# Dataset excerpts:

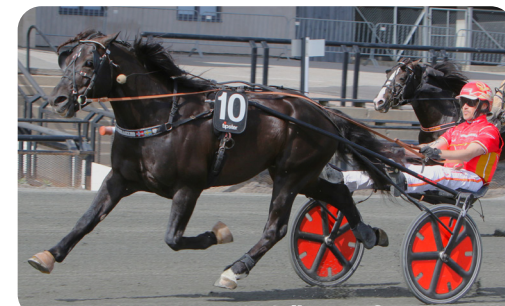
En av rasens bästa nånsin!
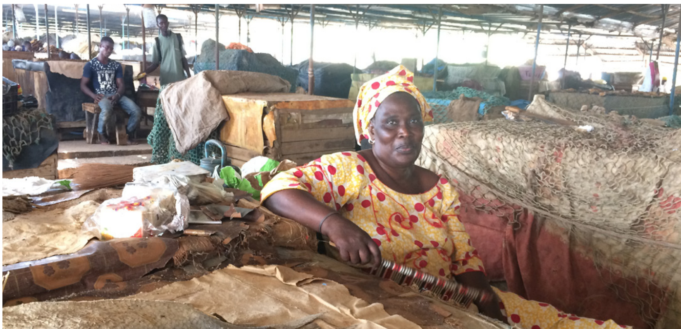
Una comerciante de mercado en Dakar, Senegal.
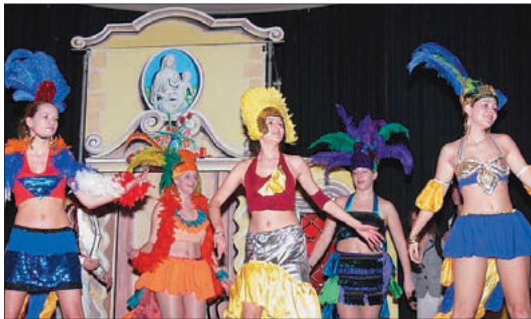
Auch in die Welt der Samba-Schulen aus Brasilien entführten die Musical-Darsteller ihre Zuschauer.

Vom 7. bis zum 10. Juni geht es mit allen 160 Teilnehmern zum Kirchentag nach Köln. Anschließend wird es noch drei weitere Aufführungen geben: am: 5./6./7. Juli in der Eberthalle geben. Besonders interessant sind die Aufführungen für Schulklassen vormittags vom 4. bis 6. Juli ebenfalls in der Eberthalle. Anmeldungen sind jetzt schon möglich, die Buchungen laufen über das Sekretariat der Gesamtschule Harburg, Telefonnummer 428 871 – 0. Der Kartenvorverkauf für die weiteren Abendvorstellungen beginnt im Mai.
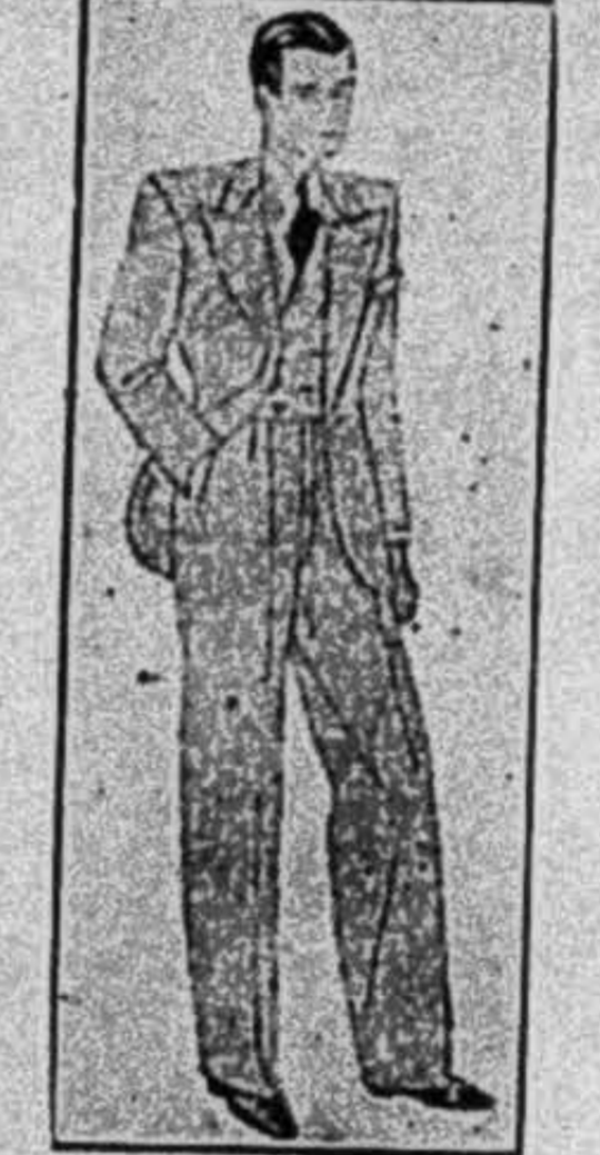
PHAN-BÁ-LƯƠNG 118, Rue Espagne, Saigon

May khéo, cắt đúng, giá rẻ là may cái dệt tánh của tiệm:
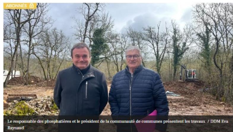
Le responsable des phosphatières et le président de la communauté de communes présentent les travaux
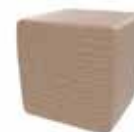
Ivory Oak Cross
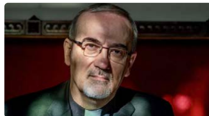
Cardenal Pizzaballa: "Posar el focus a Gaza dissimula l'avanç jueu a Cisjordània" DJ, 22/02/2024 | LA VANGUARDIA
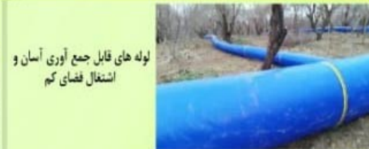
لوله های قابل جمع آوری آسان و اشتغال فضای کم
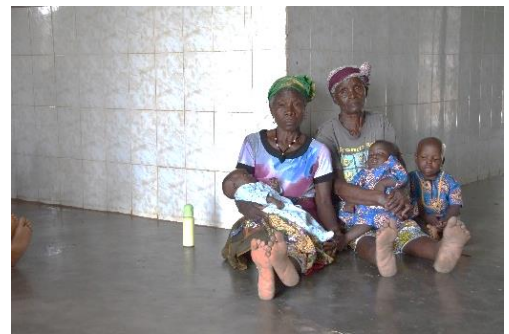
Nonne cullano i bambini

Alcune anziane vengono su base volontaria per prendersi cura dei bambini e li cullano. Sono come nonne di questi piccoli che hanno tanto bisogno di affetto.
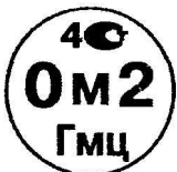
Рисунок А.2 - Поверительное клеймо ГНМЦ
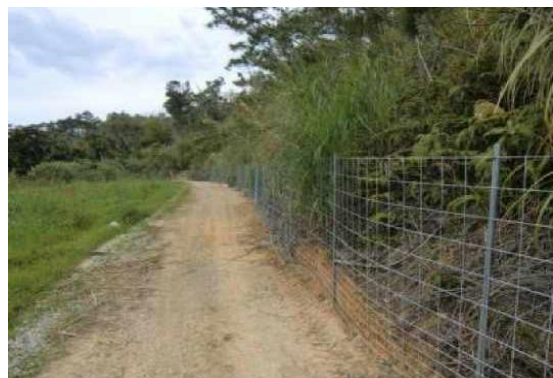
イノシシ侵入防止柵
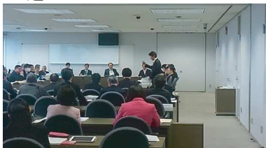
3/28 墨田区基本計画調査特別委員会 質疑

三月二十八日、墨田区基本計画調査特別委員会が開かれ、向う十年間の墨田区基本計画素案・墨田区総合戦略、墨田区人口ビジョンの説明について質疑、十年間の財政負担の大きい施策の一つ、東武スカイツリーライン、曳舟・スカイツリー間の高架化について各年度の特別区債残高350億円以内と大阪府債を活用している基金も含めて区の財政運営について質問しました。
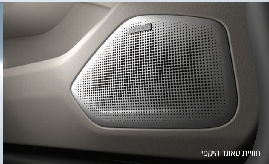
חוויית סאונד היקפי
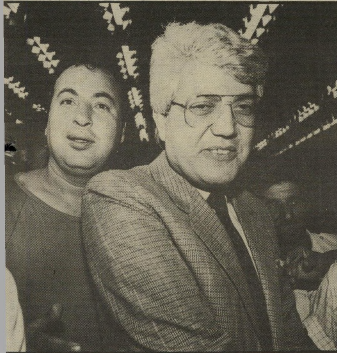
ניצחון חמוץ סגן ראש-הממשלה מחייך לפני שנודע לו, שהוא דורג אחרי ארנס. בזמן הספירה קיבל לוי דיווי-חיס שוטפים מחדר הספירה. למטה, מנצח נוסף: אליהו בן-אלישר.
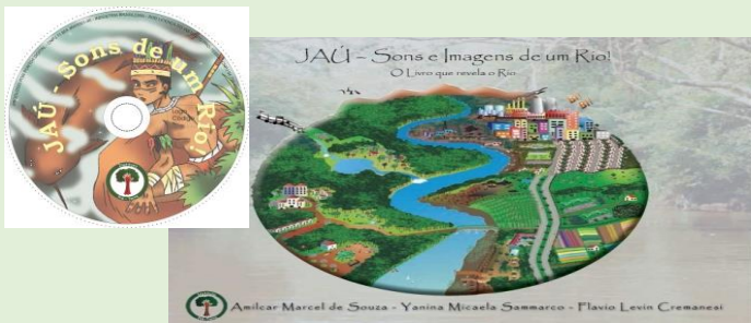
Figura 1 – Livro e CD musical “Jaú – Sons e Imagens de um Rio!”
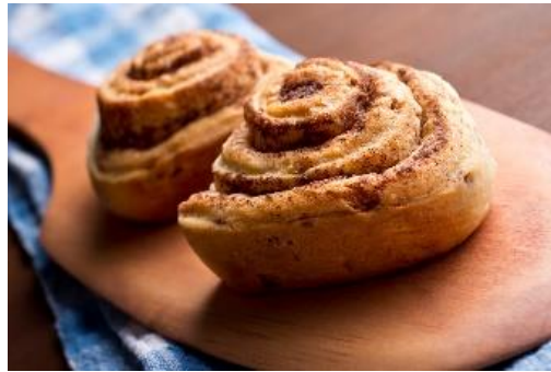
Groetjes aan alle kinderen van de kleuterjuffen

Stap 6: Zet de rolletjes 15 min. in de oven, even laten afkoelen en.....smullen maar!
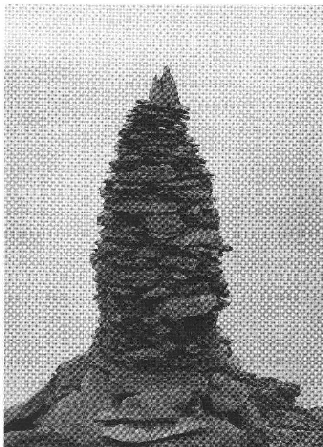
Camino Curnasel, Valposchiavo Giugno 2006
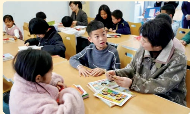
▲3月15日，民盟淳安县第三支部在淳安县庄天岭家园社区活动中心举办“鸿雁齐飞 悦读起步”关爱安居优教儿童暖心行动。
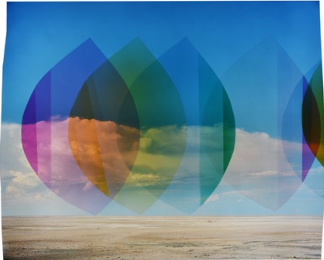
Chloe SELLS Shadow At Morning, 2017 Tirage chromogénique 93,5 x 113 cm
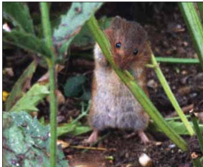
Abb. 3: Feldmaus; die durch Erd-, Feld- und Rötelmäuse verursachten bestandsbedrohenden Flächen haben sich gegenüber 2005 vervierfacht.

Schwammspinner ( Lymantria dispar ): In den Jahren 2004 und 2005 mussten in Unter- und Mittelfranken auf insgesamt 7.500 ha Bekämpfungsaktionen mit dem Häutungshemmer DIMILIN gegen Schwammspinner und Eichenprozessionsspinner (Anteil 600 ha) durchgeführt werden. 2006 war kein Fraß durch Schwammspinner festzustellen. Im Juli/August 2006 wurde eine Pheromonprognose in allen potenziell gefährdeten Gebieten durchgeführt. In keinem Bereich wurden die kritischen Anflugzahlen auch nur annähernd erreicht. Die Ergebnisse der Pheromonprognose werden im Frühjahr 2007 gegebenenfalls noch durch Eigelegesuchen abgesichert.
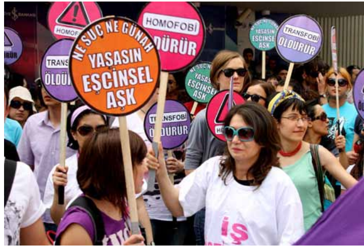
İlk kez Mayıs 2006'da gerçekleşen Uluslararası Homofobi Karşıtı Buluşma'nın bu yıl yedincisi yapılıyor.

Kaynak: Bianet (09.01.2012), Kaos GL (09.01.2012)
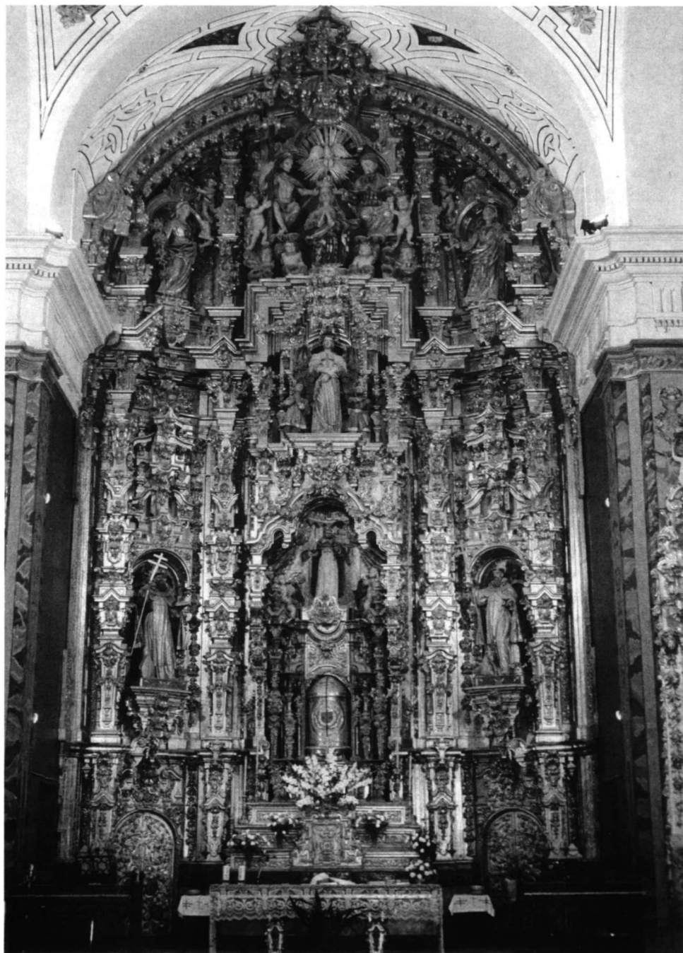
LÁM. I. Retablo mayor del antiguo convento trinitario de Hervás.
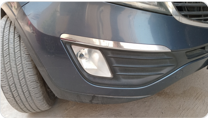
الاكصدام الأمامي : فبريكة (خرابيش)
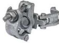
Swivel Coupler مربط متحرك
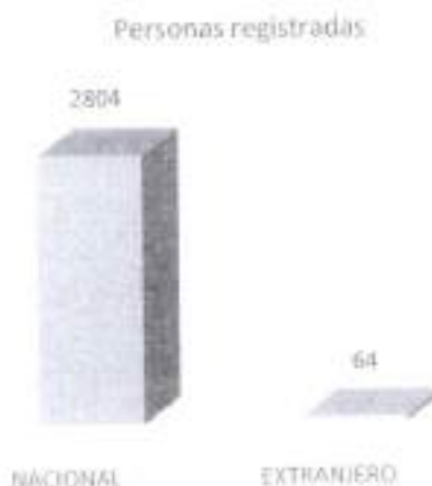
Gráfica 6. Procedencia de la solicitud
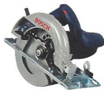
SERRA CIRCULAR 7" 1/4
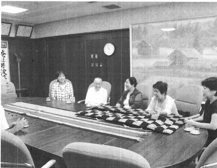
市長室へ座布団寄贈のようす

NPO法人 風和 〒669-2414 篠山市宮ノ前264 TEL 079-556-2258 FAX 079-506-1618 http://www.npofu-wa.net
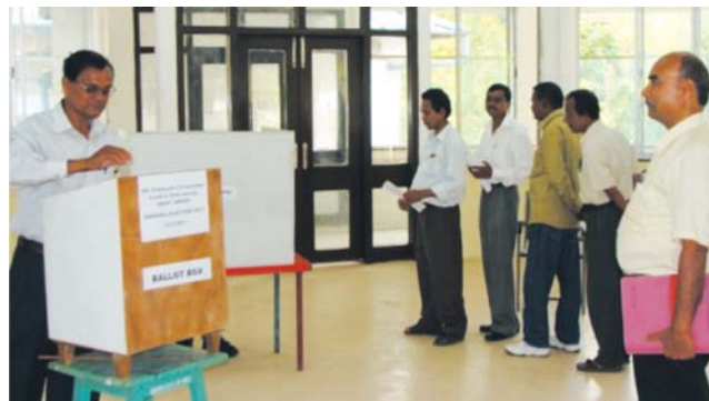
सोसायटी के शेयरधारी मतदान दिवस वाले दिन अपना वोट डालते हुए
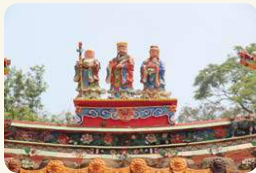
上林李府將軍廟屋脊福祿壽三星交趾陶。
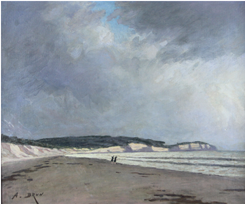
Tableau - "CÃ´te Bretonne"
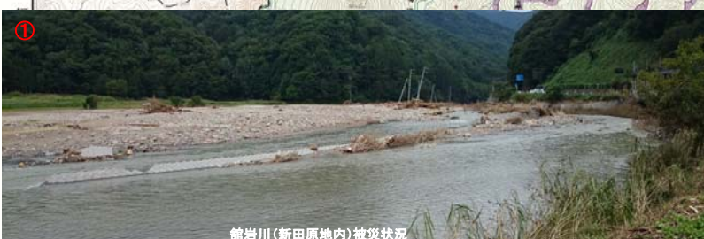
館岩川(新田原地内)被災状況
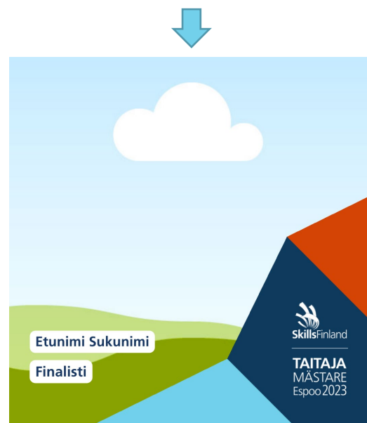
Taitaja-kulma nimellä 1080x1080 px
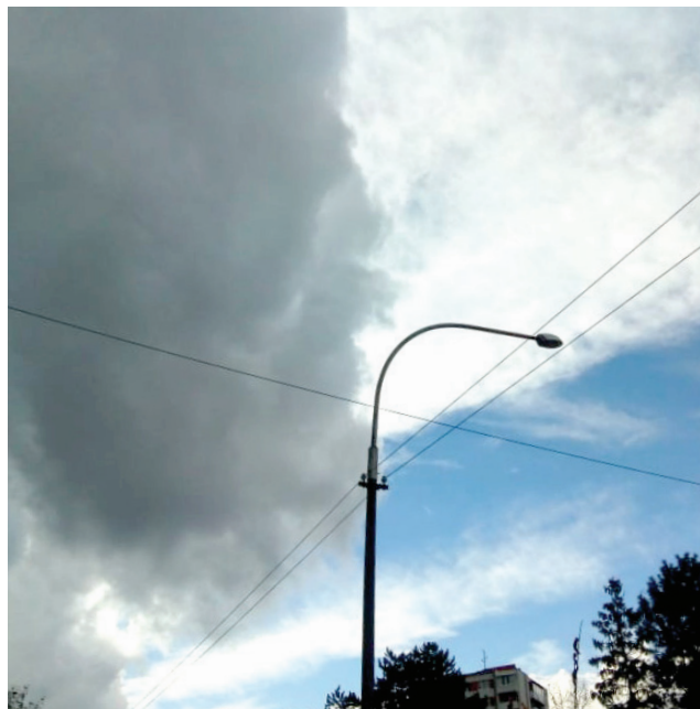
Príchod prehánky v Partizánskom 4. novembra 2021
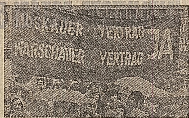
R. F. a Germaniei. Demonstrație la Stuttgart în sprijinul ratificării tratatelor încheiate de R.F.G. cu U.R.S.S. și Polonia

OTTAWA 7 (Agerpres). — Guvernul Canadei a prezentat parlamentului un proiect de lege privind limitarea și controlul investițiilor de capital străin în industria țării. Textul proiectului de lege a fost prezentat în parlament și publicat și o dată de seamă din care rezultă că, în industria prelucrătoare societățile străine dispun de 60 la sută din capitalul în industria de extractie și prelucrare a petrolului, controlul străin se extinde asupra a 90 la sută din capacitățile de producție, iar în industria extractivă și metalurgică, capitalul străin reprezintă 60 la sută. Documentul menționează, de asemenea, că din totalul investițiilor străine în Canada, circa 80 la sută provin din S.U.A.
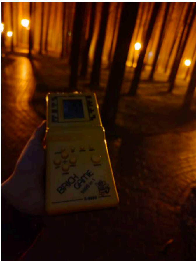
Нужно взять паузу Способ полюбить сургутскую осень
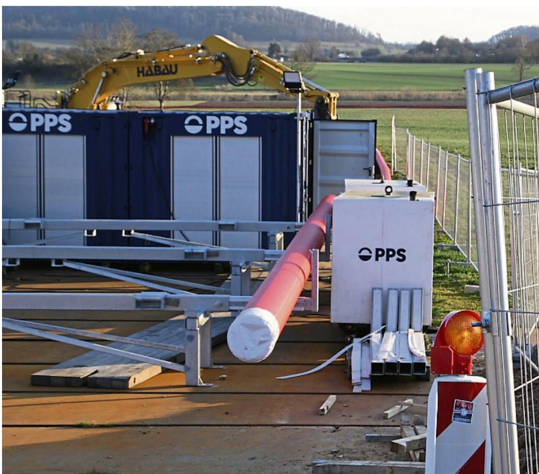
Unterhalb des Badestädter Schlosses: Dieses Rohr wird in Kürze die Rothesteinstraße überspannen, wofür auf beiden Seiten jeweils zwei Container aufeinander gestapelt wurden.
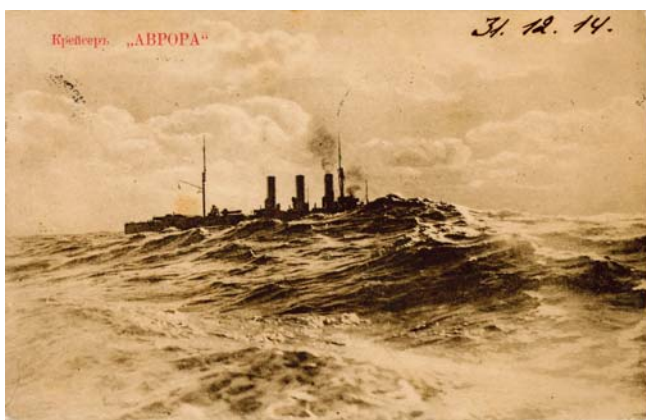
El crucero Aurora en misión de patrulla durante la Primera Guerra Mundial. Diciembre 1914.

pués, en la Conferencia de La Haya, se acordó que se concediera un plazo de asilo, en puertos neutrales, de 24 horas a buques beligerantes, más otro tanto para carbonear y un plazo prudencial para efectuar reparaciones. Pero en 1904, la decisión se adoptaba libremente en cada país. La posición de España era de estricta neutralidad, opuesta a conceder ningún plazo, a lo que se añadía la presión del Reino Unido, indignado por el ataque a sus pesqueros 8 . El almirante Rodjestvensky, desde Vigo hizo intensas gestiones y finalmente consiguió que se autorizase un carboneo limitado, pero no las reparaciones que necesitaba el Aurora . Después de este tira y afloja, el crucero malamente reparado por los medios propios y medianamente aprovisionado, zarpó de la ría de Pontevedra el jueves 27 de octubre de 1904, por la mañana, con rumbo a Tánger y la costa occidental africana.

# Task to complete:
Transcribe, from the records above, the first line and every line after it up to and including the line with "Auch in die"; omit pictures.

# Response for this exercise:
En av rasens bästa nånsin!
Una comerciante de mercado en Dakar, Senegal.
Auch in die Welt der Samba-Schulen aus Brasilien entführten die Musical-Darsteller ihre Zuschauer.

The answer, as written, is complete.